◆ **What you need to do**: From the very first line of the data to the line containing "2025新年蛇年春節(jié)生肖可愛招財小蛇", retype everything exactly, leaving the pictures behind.

===== Input =====

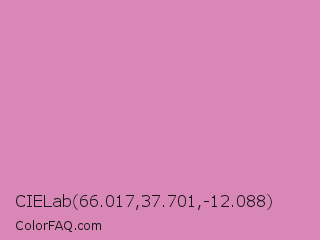 CIELab 66.017,37.701,-12.088 Color is a light magenta color and the nearest color is Middle Purple #d982b5. Hex code #d887b7 and RGB value is rgb(216,135,183). In RGB color space, this color is composed of 85% red, 53% green, 72% blue, In CMYK color space, this color is composed of 0% cyan, 38% magenta, 15% yellow , 15% black , In HSL color space, this color has a hue angle of 324° , 51% saturation and 69% lightness.
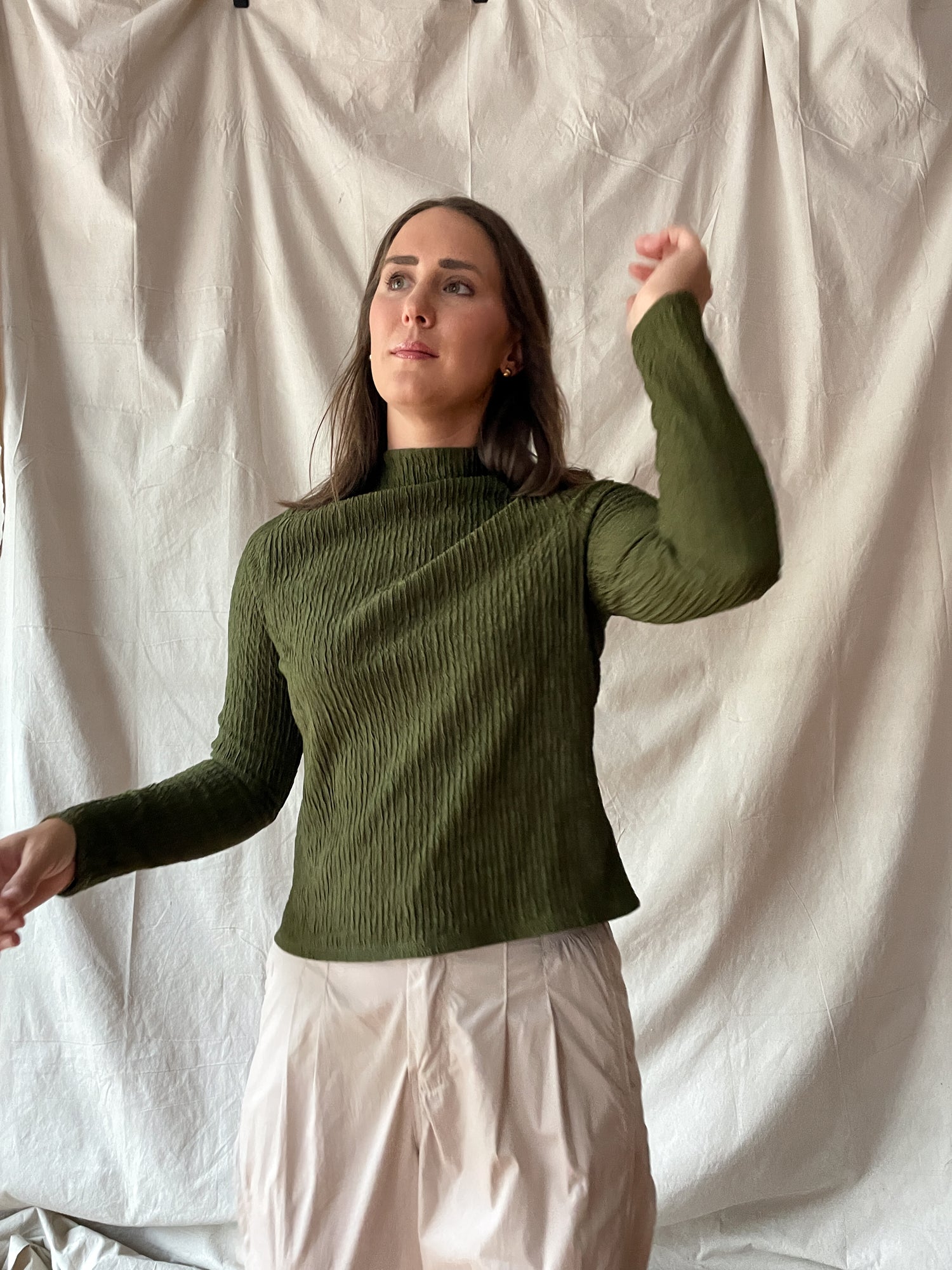 A basic with flair, this will go with anything in your closet. It looks very chic tucked into a denim skirt or high waist jeans. Also a great layer for under blazers & sweaters.
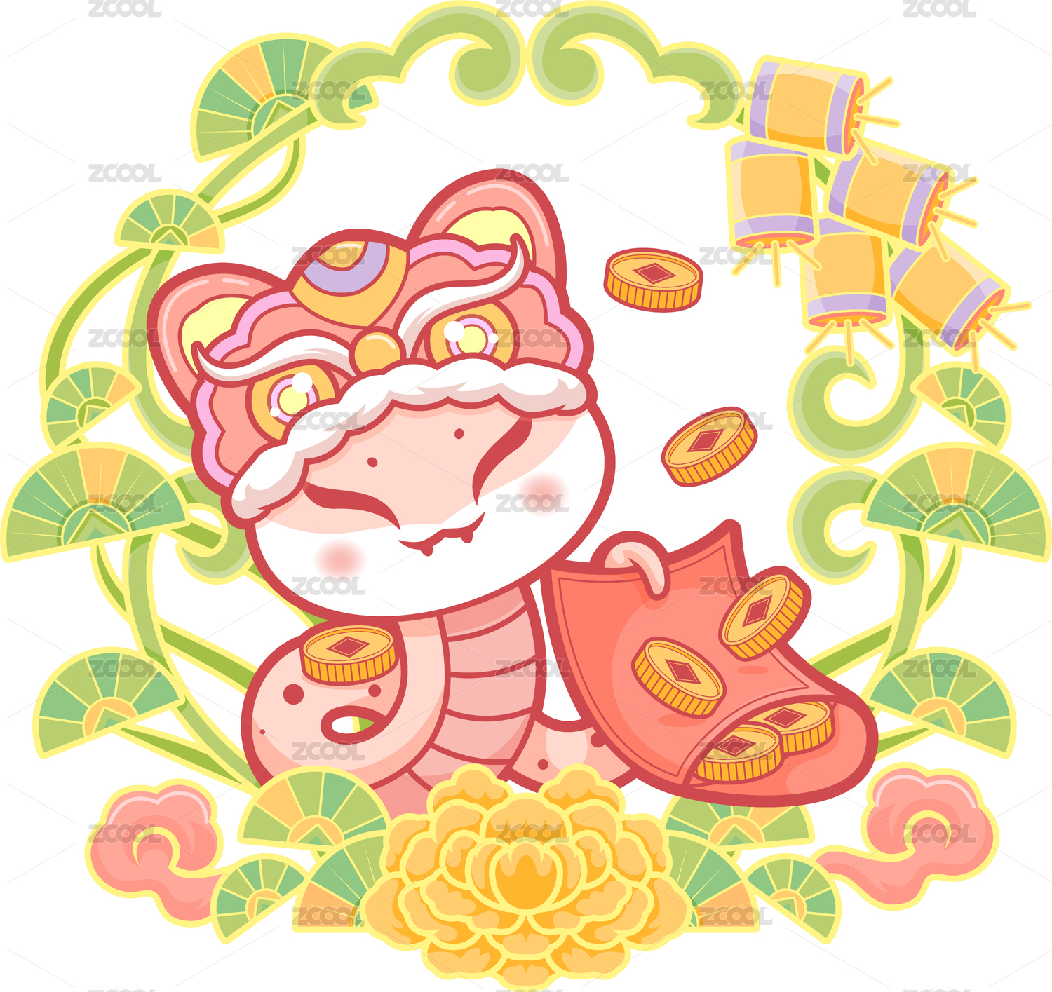 2025新年蛇年春節(jié)生肖可愛招財小蛇
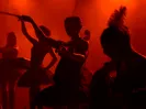 Dakh Daughters uit Oekraine wordt op de website van Eurosonic Noorderslag geïntroduceerd als een freak cabaret band en dat is niets te veel gezegd. De Stadsschouwburg is een passend decor voor dit gezelschap van zeven dames dat een theatrale performance neerzet in de geest van De Kift en Tom Waits ten tijde van zijn album The Black Rider. Ze wisselen veelvuldig van kostuum (van legeruniform tot bontjas), van instrument (van cello en accordeon tot een tweemeterlange hoorn) en van taal (we horen Russisch, Engels, Duits en Frans). Ze kunnen stampen en schreeuwen en krijsen en meteen daarna een heel gedragen en tragisch lied vertolken. Om vervolgens weer los te barsten in een carnavalesk feestnummer. Ze spelen zelfs een Duitstalige versie van 'Zeven Dagen Lang' van de Eindhovense 70s folkband Bots. Hoe komen ze daar nou aan? Misschien waren die destijds marxistisch genoeg om door de Sovjet-censuur heen te komen. Never a dull moment met deze Oekrainse dames, maar de Nederlandse boekers lijken er nog niet voor in de rij te staan. En dat terwijl dit het type act is waar ze op Glastonbury, Sziget of Roskilde wel raad mee weten. Ben benieuwd wie in Nederland zijn nek gaat uitsteken voor Dakh Daughters, by far de meest curieuze act van deze Eurosonic Noorderslag. (Willem van Zeeland)
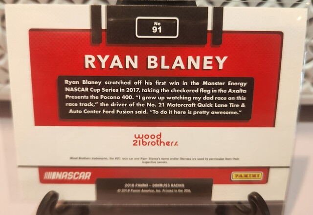 Ryan Blaney #91 2018 Panini Donruss Nascar
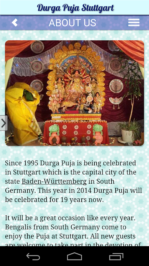 This Mobile Application gives you all information about Durga Puja celebration at Stuttgart, Germany

=====

◆ **Problem solution**:
 CIELab 66.017,37.701,-12.088 Color is a light magenta color and the nearest color is Middle Purple #d982b5. Hex code #d887b7 and RGB value is rgb(216,135,183). In RGB color space, this color is composed of 85% red, 53% green, 72% blue, In CMYK color space, this color is composed of 0% cyan, 38% magenta, 15% yellow , 15% black , In HSL color space, this color has a hue angle of 324° , 51% saturation and 69% lightness.
 A basic with flair, this will go with anything in your closet. It looks very chic tucked into a denim skirt or high waist jeans. Also a great layer for under blazers & sweaters.
 2025新年蛇年春節(jié)生肖可愛招財小蛇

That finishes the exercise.